From here, we can conclude that the sorting algorithm fails. But giving the characters having the most frequency the smallest codes makes sense. Where are we wrong?
We need to see that there can be combinations in which the character having the largest frequency is not given the smallest possible code (i.e. '0'). There are other ways possible too that are providing better answers. Though the character having the largest frequency will always have the smallest code among codes of other characters in the message, still it will not always have the smallest code possible (i.e. '0').
Therefore we need to greedily select two nodes having minimum frequency, assign them the largest codes and use the sum of the two nodes as a new node for further process.

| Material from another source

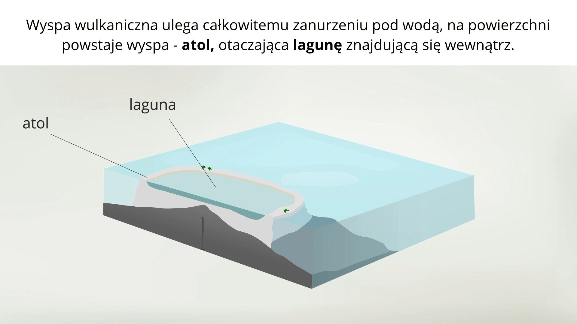 Animacja przedstawia widok wyspy wulkanicznej, na której zaczynają wokół osadzać się koralowce, tworząc rafę. Wyspa wulkaniczna ulega niszczeniu oraz zapadaniu się pod wpływem ciężaru rafy. Wyspa wulkaniczna ulega całkowitemu zanurzeniu pod wodą. Na powierzchni pozostaje wyspa – atol, otaczająca lagunę znajdującą się wewnątrz.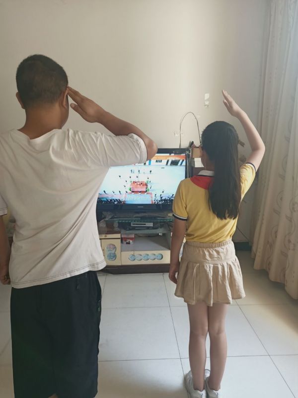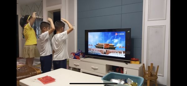 孩子们佩戴红领巾,注视电视中国旗升起,和家人一起唱国歌,一起向祖国献礼。仪式简朴而庄重,孩子们用最简单的动作表达最真挚的情感,爱祖国、爱家人、爱人民、爱自己。

This can be done efficiently with the help of a Min Heap.
2. Structure of the heap node and how to build Huffman Tree
The node in the Heap will have an index denoting the index of its corresponding character in the message, frequency denoting the frequency of the node in the message, and the two nodes left and right denoting its left and right child, respectively. The basic idea is to take the two elements having the smallest frequency, make a new node having frequency as the sum of the frequencies of the removed elements, and add it back to the Heap. We will make the removed elements as the left child and the right child of the newly built node. In the end, we will stop when only one element remains.
Steps :
3. Finding the Huffman codes from the Huffman Tree
We can write a recursive function that will traverse the Huffman Tree and assign the Huffman codes for every character. Let ans be the array that stores the Huffman codes for each character.
Working of the Recursive function
When all elements of the input array are inserted in the heap, the number of elements in the heap are N, and it takes O(log(N)) time to remove or insert an element from the heap. Hence, the overall Time Complexity is O(N*log(N)).
When all elements of the input array are inserted in the heap, the number of elements in the heap are N. Hence, the overall Space Complexity is O(N).